Skip to content

Architecture Overview

The Optics Framework is built on a modular, extensible architecture that enables vision-powered, self-healing test automation. This document provides a high-level overview of the framework's design, core principles, and component relationships.

Design Principles

The framework follows several key design principles:

  1. Modularity: Components are organized into clear, independent modules with well-defined interfaces
  2. Extensibility: New drivers, element sources, and vision models can be added without modifying core code
  3. Resilience: Built-in fallback mechanisms ensure tests continue even when primary methods fail
  4. Separation of Concerns: Clear boundaries between action execution, element detection, and vision processing
  5. Interface-Based Design: Components communicate through well-defined interfaces, enabling easy substitution

Level 1 – System Context

At the system level, the Optics Framework sits between test authors and external automation infrastructure. It exposes multiple entry points (CLI, REST API, Python library) while orchestrating drivers, vision models, and device farms underneath.

graph TB
    actorTester["Tester or QA Engineer"]
    actorIntegrator["Framework Integrator or Tooling Engineer"]
    actorCi["CI or Orchestration System"]
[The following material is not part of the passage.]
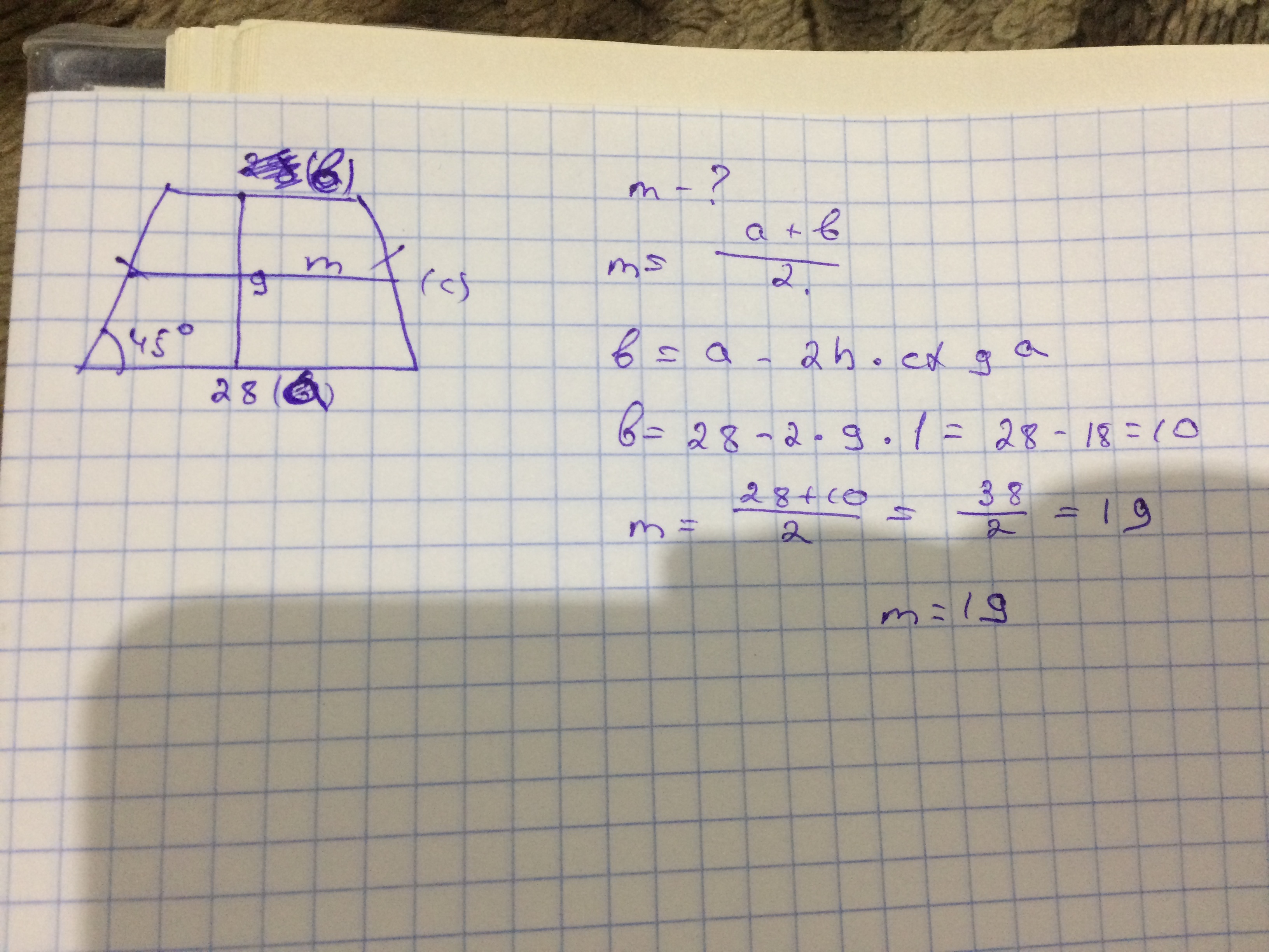 Решите пожалуйста. Ревнобедреной трапециибольшая основа равна 28см а высота равнв 9см гострый кут =45°. Найдите длину середней линии

    systemOptics["Optics Framework"]

    extAutomation["Automation Backends (Appium, Selenium, Playwright, BLE)"]
    extDevices["Real Devices or Device Farms"]
    extVision["Vision and OCR Services"]

    actorTester --> systemOptics
    actorIntegrator --> systemOptics
    actorCi --> systemOptics

    systemOptics --> extAutomation
    systemOptics --> extDevices
    systemOptics --> extVision

Level 2 – Containers and Layers

The rest of this document describes the Optics Framework's internal containers and layers (C4 Level 2), and how they collaborate at runtime.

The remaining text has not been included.